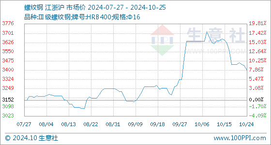 10月25日生意社螺纹钢基准价为3398.57元/吨
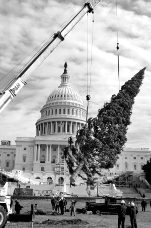 | 十一月二十四日,在美国首都华盛顿,工作人员借助起重机将圣诞树栽种在国会门前。这棵圣诞树高达约二十一米。 新华社/路透 |
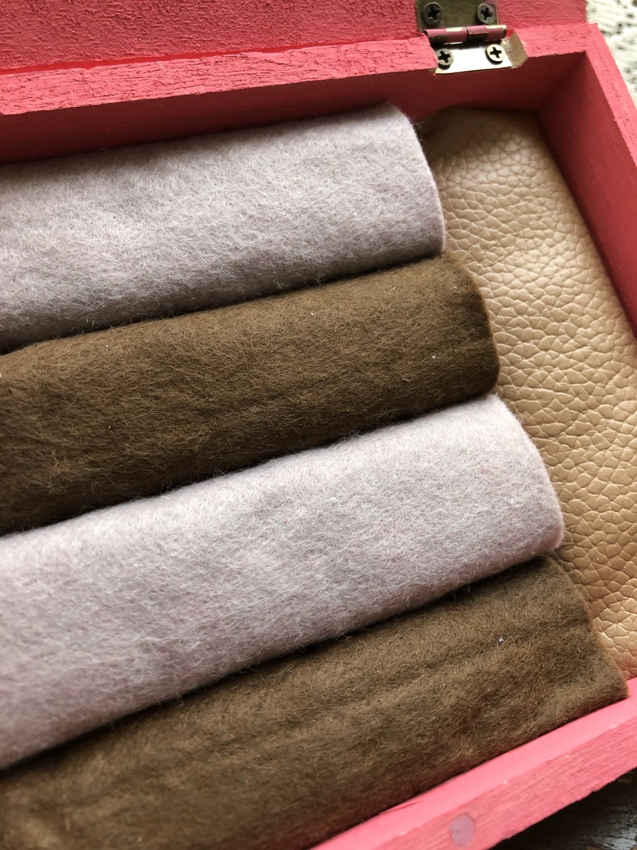 本体となるコレクションケースをベリーピンクで色付け。スポンジを縦半分に切りフェルトで覆いました。
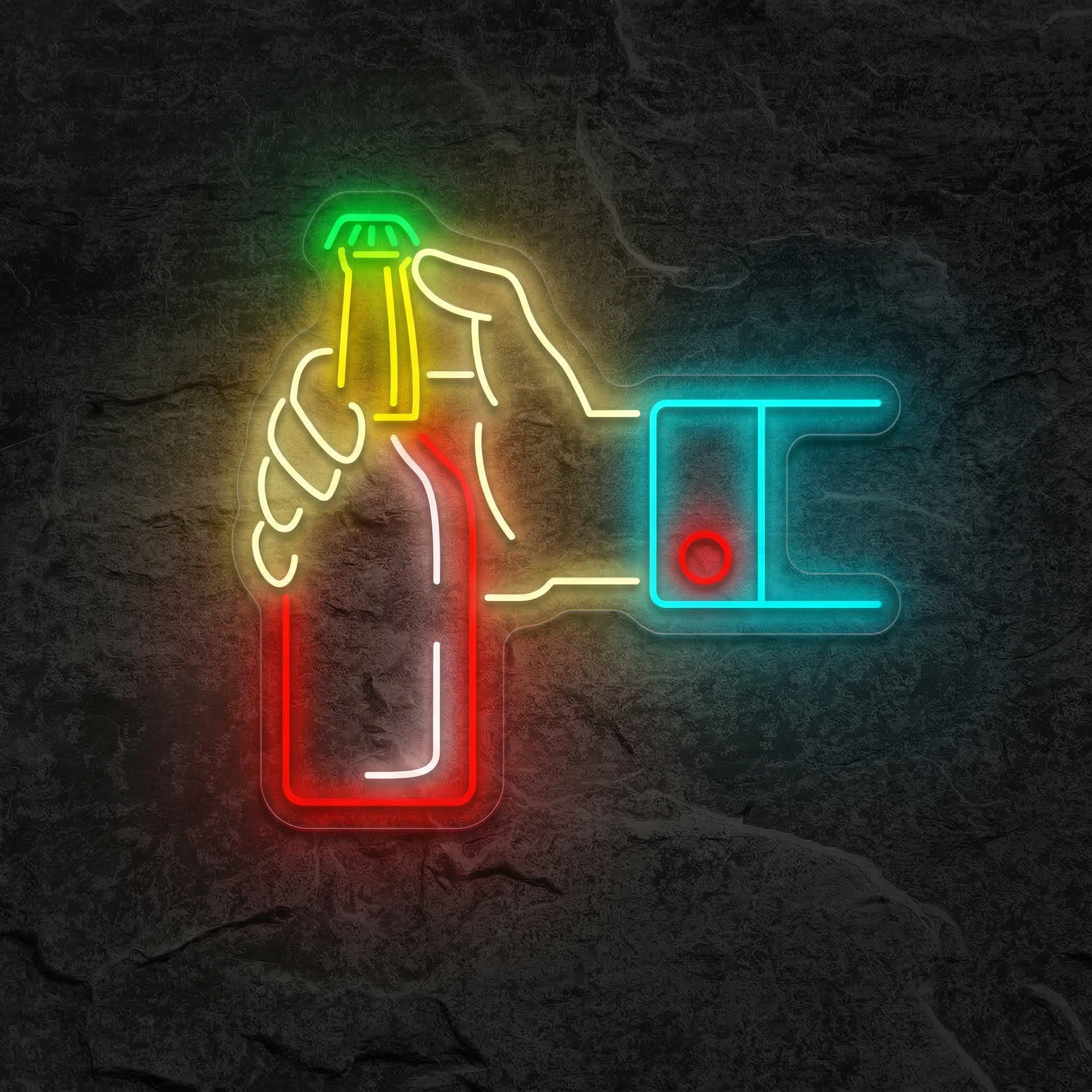 Chez NeonStar, nous avons conçu ce néon pour ceux qui aiment recevoir, qui cultivent leur coin bar avec soin, ou qui veulent simplement afficher leur passion pour la bière avec un brin d'humour et beaucoup de style. La silhouette d'une bouteille ouverte, lumineuse et précise, devient un vrai point focal dans la pièce. Elle capte le regard, lance la conversation et donne immédiatement le ton : ici, on sait s'amuser.
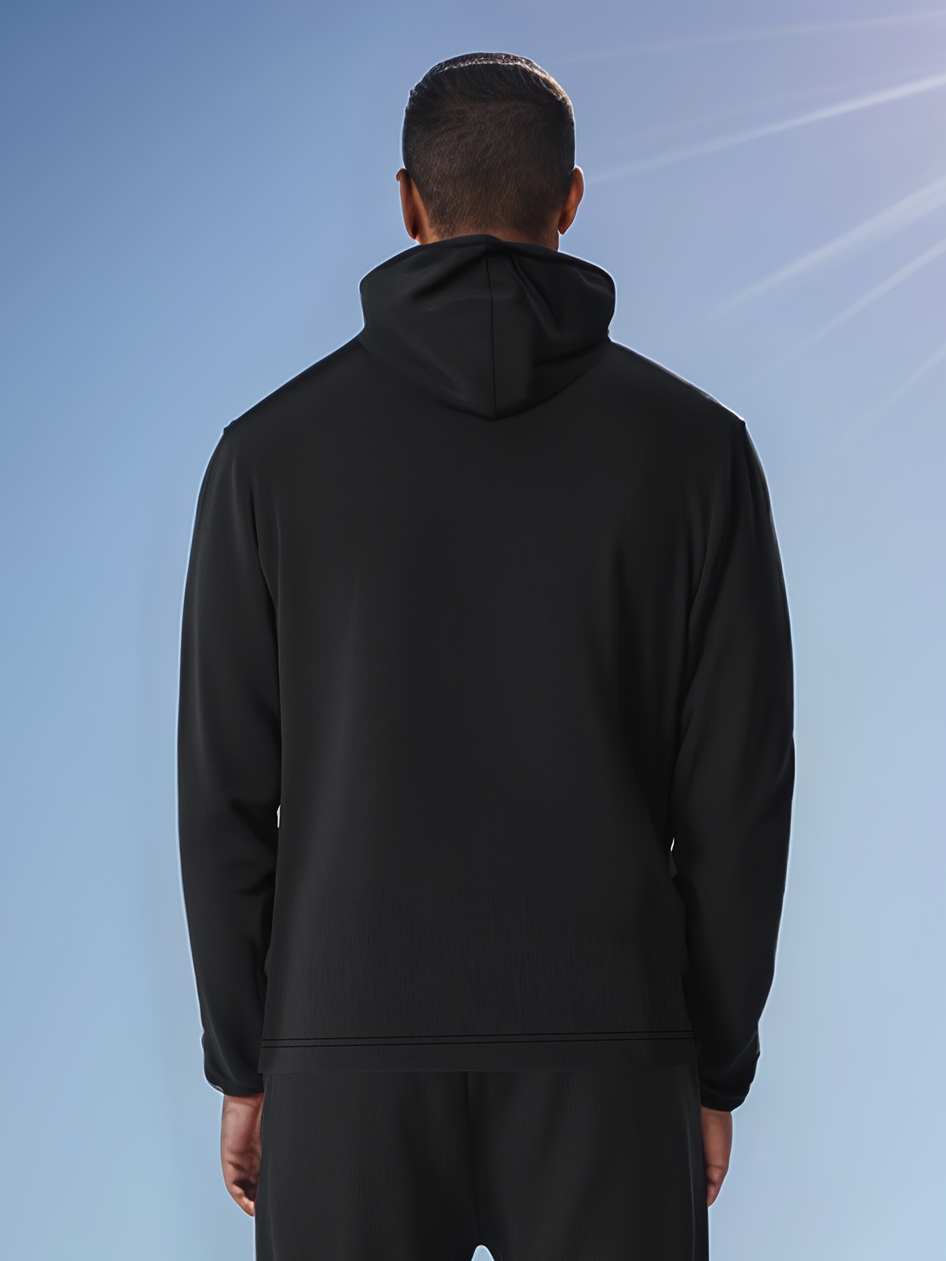Veste à capuche légère et séchage rapide pour homme – Fermeture éclair ajustée avec poches latérales, manteau de sport décontracté et respirant pour l’extérieur, printemps/automne, noir, vêtements d’extérieur pour le printemps, design minimaliste, tissu durable

Try it: What is needed is an exact copy of all the records, minus any pictures.

Solution:
 10月25日生意社螺纹钢基准价为3398.57元/吨
 | 十一月二十四日,在美国首都华盛顿,工作人员借助起重机将圣诞树栽种在国会门前。这棵圣诞树高达约二十一米。 新华社/路透 |
 本体となるコレクションケースをベリーピンクで色付け。スポンジを縦半分に切りフェルトで覆いました。
 Chez NeonStar, nous avons conçu ce néon pour ceux qui aiment recevoir, qui cultivent leur coin bar avec soin, ou qui veulent simplement afficher leur passion pour la bière avec un brin d'humour et beaucoup de style. La silhouette d'une bouteille ouverte, lumineuse et précise, devient un vrai point focal dans la pièce. Elle capte le regard, lance la conversation et donne immédiatement le ton : ici, on sait s'amuser.
Veste à capuche légère et séchage rapide pour homme – Fermeture éclair ajustée avec poches latérales, manteau de sport décontracté et respirant pour l’extérieur, printemps/automne, noir, vêtements d’extérieur pour le printemps, design minimaliste, tissu durable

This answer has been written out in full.